Memorandum: Plaintiff was seated in a disabled vehicle parked on the shoulder of the highway on a snowy day. He left the driver's door slightly ajar and had his feet on the ground. He was injured when defendant's snowplow struck the car door, crushing his leg. Defendant moved for summary judgment dismissing the complaint on the ground that its employees did not act in "reckless disregard for the safety of others" (Vehicle and Traffic Law § 1103 [b]). Defendant met its burden of establishing its entitlement to judgment as a matter of law by submitting the deposition testimony of the snowplow driver and the snowplow "wing man" wherein they each testified that the snowplow stopped behind two vehicles that were stopped on the side of the road and waited for traffic in the opposite direction to clear. One of those vehicles was occupied by plaintiff. They further testified that, once that traffic had cleared, the snowplow proceeded around the stopped vehicles at a very low rate of speed. That testimony establishes that the action of the snowplow driver in striking the car did not rise to the level of recklessness required for the imposition of liability (see Saarinen v Kerr, 84 NY2d 494, 502 [1994]; see also Szczerbiak v Pilat, 90 NY2d 553, 557 [1997]).

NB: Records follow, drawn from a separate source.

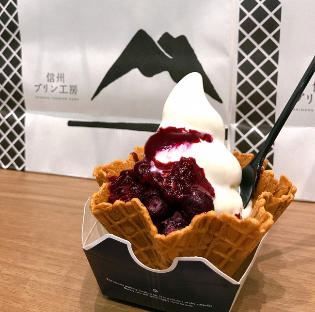 (株)スドージャム(松本市笹賀、須藤尚孝代表取締役)は、本社のある長野県松本市中町通りに昨年オープンしたプリン専門店「信州プリン工房」にて、信州産ブルーベリーを使用したソフトクリームをGOTOトラベルキャンペーンが始まる7月23日より販売する。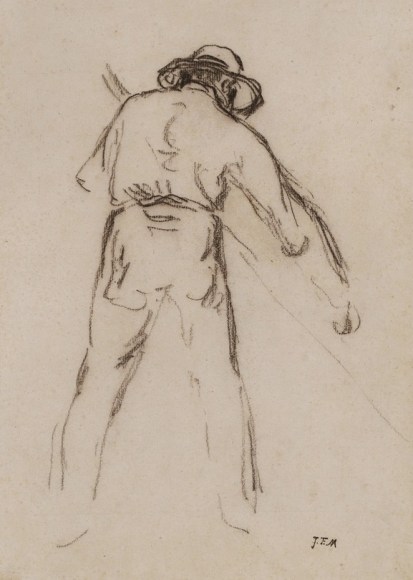 Jean-François Millet was born in 1814 in the Norman village of Gruchy, the eldest child in a large, closely knit family of farmers living in modest prosperity on their own land. His parents, religious and patriarchal, saw to it that he received a good education, which gave him a knowledge of Latin and a lifelong interest in literature. Having shown early signs of talent, the youth was sent to Cherbourg in 1833 to work with a local portrait painter, Bon Dumouchel (1807–1846). Two years later, he entered the studio of Lucien-Théophile Langlois (1803–1845), a former pupil of Antoine-Jean Gros (1771–1835). In 1837, provided with a stipend by the city of Cherbourg, Millet went to Paris, to enroll at the Ecole des Beaux-Arts as the pupil of the history painter Paul Delaroche (1797–1856), then at the height of his celebrity. After two unhappy years of study, Millet competed unsuccessfully for the Rome Prize, left his teacher, and lost his stipend. Back in Cherbourg, he set himself up as a portrait painter. One of his portraits was accepted for the Paris Salon of 1840, but another, commissioned by the city of Cherbourg, was returned to him as a poor likeness. Discouraged, Millet decided to seek better luck in Paris, where he established himself with his wife, the frail Pauline-Virginie Ono, barely twenty years old. His portraits of that time, modeled in hard contrasts of light and shadow (Portrait of Mademoiselle Ono, c.1841, Musée Thomas-Henry, Cherbourg), are indebted to the Spanish painters whose work he was able to study in the Galerie Espagnole at the Louvre. While he struggled for a livelihood, his wife contracted tuberculosis and died. Millet returned to Cherbourg in 1844 and here took as his companion a servant girl of eighteen, Catherine Lemaire. To reach a wider audience, he produced ingratiating bucolic idylls, using a technique of flecked touches of light color, his manière fleurie, a concession to a popular revival of rococo style to which his friend Narcisse Diaz de la Peña may have introduced him. Sensing the disapproval of his Cherbourg relations, he moved with his mistress to Le Havre and thence to Paris (1846), where he continued to woo the public with mildly erotic compositions. But in his drawings for them he already gave proof of greater energy and seriousness than was called for by these slight inventions (The Lovers, c. 1848, The Art Institute of Chicago).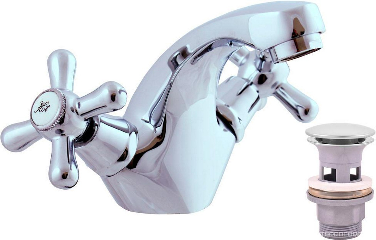Смеситель для раковины, донный клапан в комплекте, цв. хром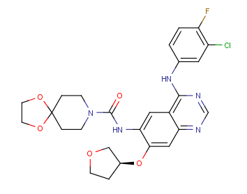 | IUPAC Name | (S)-N-(4-(3-Chloro-4-fluorophenylamino)-7-(tetrahydrofuran-3-yloxy)quinazolin-6-yl)-1,4-dioxa-8-azaspiro[4.5]decane-8-carboxamide |

In response, plaintiff failed to raise a triable issue of fact whether the snowplow driver or the wing man had intentionally committed an act of an unreasonable character in disregard of a known or obvious risk " 'that was so great as to make it highly probable that harm would follow' and [did] so with conscious indifference to the outcome" (Saarinen, 84 NY2d at 501; see Palmer v City of Syracuse, 13 AD3d 1229, 1230 [2004]). Present—Kehoe, J.P., Martoche, Centra, Green and Pine, JJ.